This article was originally published on Dystopian Survival on December 29, 2021.
By Tim Gamble
As 2021 draws to a close, now is the perfect time to do three things to help protect yourself and your family in this digital age. I did all three on Monday.
1) Change your passwords. There were six major data breaches this year, and hundreds of smaller ones. Millions of people had their personal information, including passwords and pin numbers, exposed. This stolen personal information is now for sale on the Internet (yes, there are websites that actually sell stolen data to the bad guys). One of the best ways to protect yourself is to change all your passwords on a regular basis. It is a hassle, but having a bad guy get access to your bank account, for example, will be much more of a hassle.
I changed all my passwords on Monday - email accounts, social media accounts, bank accounts, car insurance, cell phone provider, PayPal, Amazon, Google, and so forth.

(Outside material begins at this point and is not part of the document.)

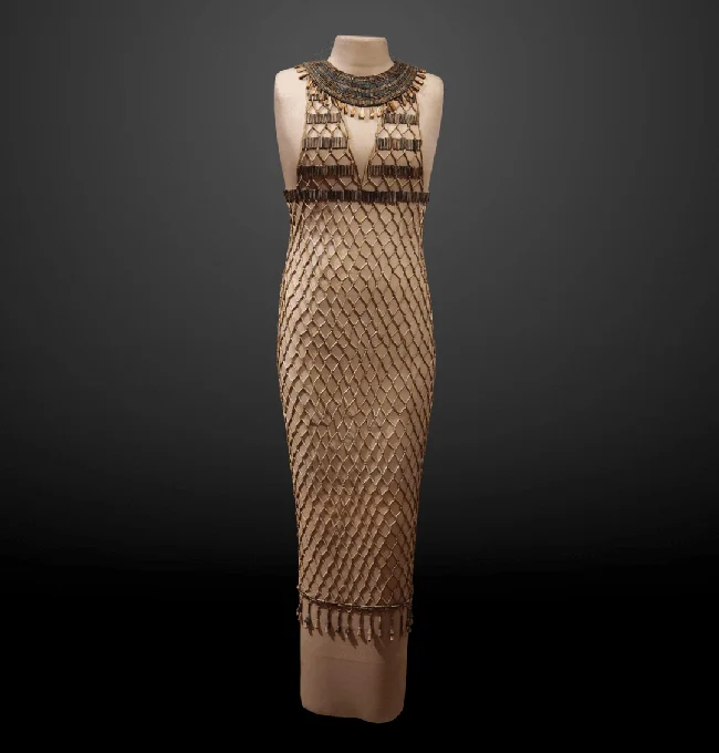 8. Платье из египетского фаянса, набранное из бусин, ритуальный или погребальный наряд. Древнее Царство, IV династия, период правления фараона Хуфу (Хеопса), ок. 2551–2528 гг. до н.э.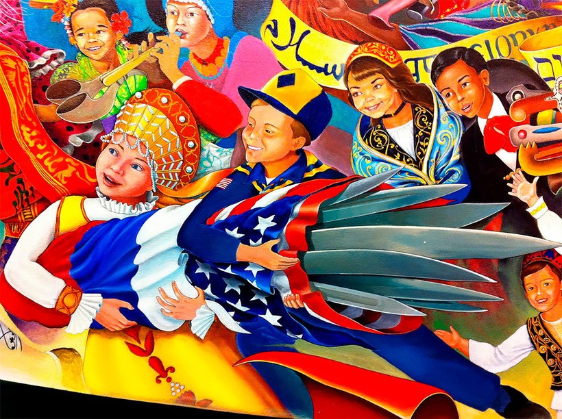 Изображение контрастирует со второй половиной картины, на которой счастливые дети разных культур и народов веселятся вместе с животными на празднике.

It was a long list and took some time, but my safety and privacy is worth it.
Don't forget to change the password for your home Wi-Fi.
2) Add two-factor authentication (also called two-step authentication) to your accounts if available. Yep, it seems like a hassle to go through that extra step every time you log on to an account, but it is no where near as big a hassle as a bad guy getting into your account.
There are several ways websites can handle two-factor authentication. You can set it up at the same time you change your password, and probably from the same page. Each website will walk you through the set-up process for their site. It really isn't hard.
I was reluctant to use two-factor authentication because of the perceived hassle, but on Monday I finally added it to my bank accounts, PayPal account, and other accounts which store my financial information, including card numbers. So far it hasn't been as big a hassle as I imagined. Better safe than sorry.
3) Use the lock screen for your phone and other mobile devices. Lock screens use various methods - pin numbers, passwords, fingerprint or facial recognition - to make sure that you are the only one with access to your device. No one thinks they will ever misplace, lose, or have their phone stolen, but it happens all the time. Think about how much personal data is stored on your phone, and how many apps on it have access to your accounts. All this information is freely available to any bad guy that gets ahold of your device if you don't use a lock screen.
Once again, I was reluctant to use my lock screen because of the perceived hassle. On Monday, I finally set up my lock screen. So far, not a hassle at all. Don't forgot your pin number or password. Write it down on a piece of paper and stick it somewhere like a desk drawer (just don't carry it with you) in case you ever forget it.